2. Pielografi antegrad atau retrograde dilakukan sesuai indikasi.
3. Ultrasonografi ginjal bisa memperlihatkan ukuran ginjal yang
mengecil, korteks yang menipis, adanya hidronefrosis atau batu ginjal,
kista, massa, dan kalsifikasi.
4. Pemeriksaan pemindaian ginjal atau renograf, dikerjakan bila ada
indikasi.
d.

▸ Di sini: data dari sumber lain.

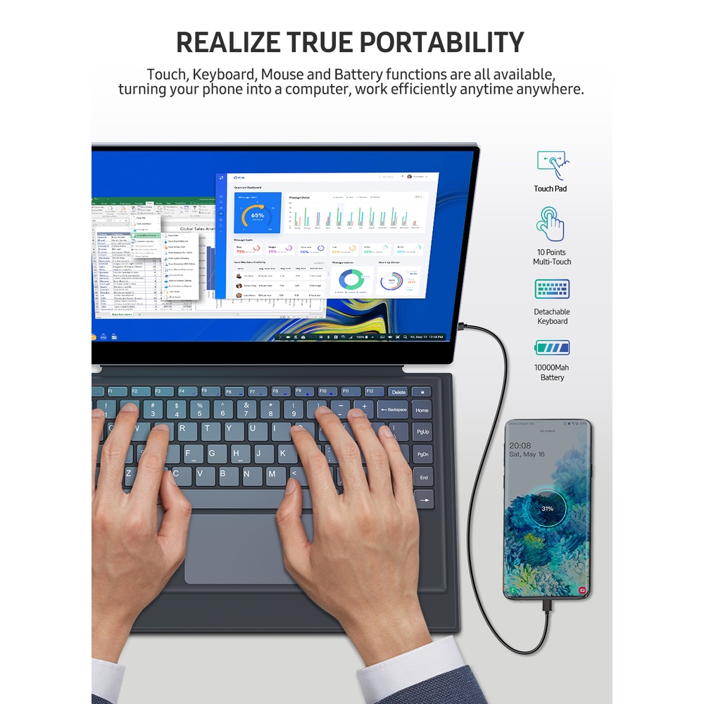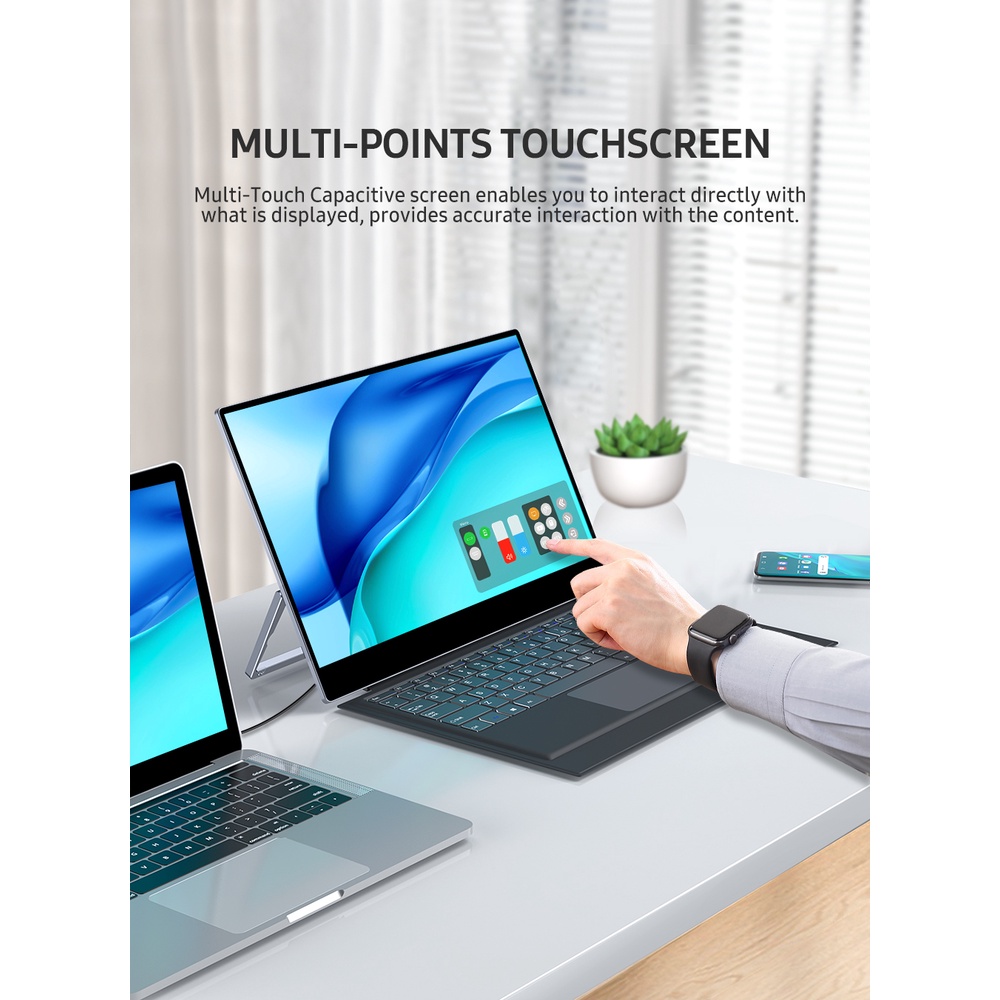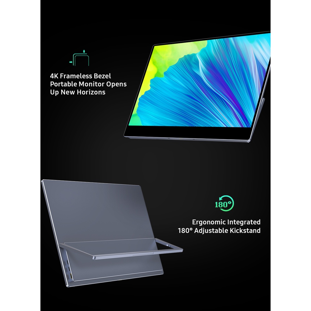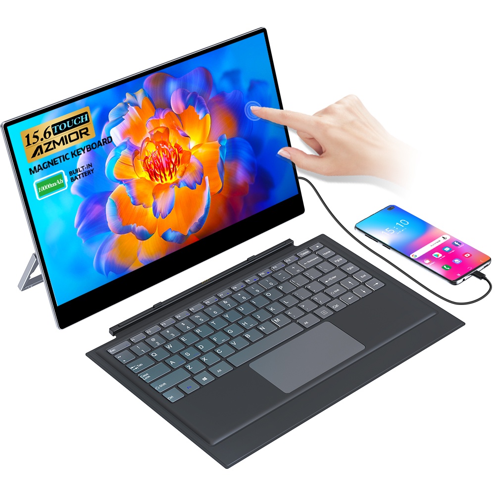 4K 15.6"Portable Monitor With Magnetic keyboard touchscreen 5400mAh Rechargeable type-c display

Biopsi dan pemeriksaan histopatologi ginjal
Dilakukan pada pasien dengan ukuran ginjal yang masih mendekati
normal, karena diagnosis secara noninvasive tidak bisa ditegakkan.
Pemeriksaan histopatologi ini bertujuan untuk mengetahui etiologi,
menetapkan terapi, prognosis, dan mengevaluasi hasil terapi yang telah
diberikan. Biopsi ginjal tidak dilakukan pada ginjal yang sudah mengecil
(contracted kidney), ginjal polikistik, hipertensi yang tidak terkendali,
infeksi perinefrik, gangguan pembekuan darah, gagal napas, dan obesitas.
5.
Referensi:
Basuki, K. (2019). Klasifikasi Chronic Kidney Disease. Jurnal Online Internasional
& Nasional. 7(1).
Brunner and Sudarth. (2017). Medical-Surgical Nursing: Assessment and
Management of Patients With Urinary Disorders. In J. Jacobson & P. Paul
(Eds.), Brunner & Sudarth’s Canadian Textbook of Medical-Surgical Nursing
(14th ed.). Philadelphia: Lippincott Williams and Wilkins.
Harmilah. (2020). Asuhan Keperawatan Pada Pasien Dengan Gangguan Sistem
Perkemihan. Yogyakarta: Pustaka Baru Press.
Suwitra Ketut. (2014). Penyakit Ginjal Kronik: Buku Ajar Ilmu Penyakit Dalam Jilid
II. Edisi IV. Jakarta Pusat: Interna Publishing.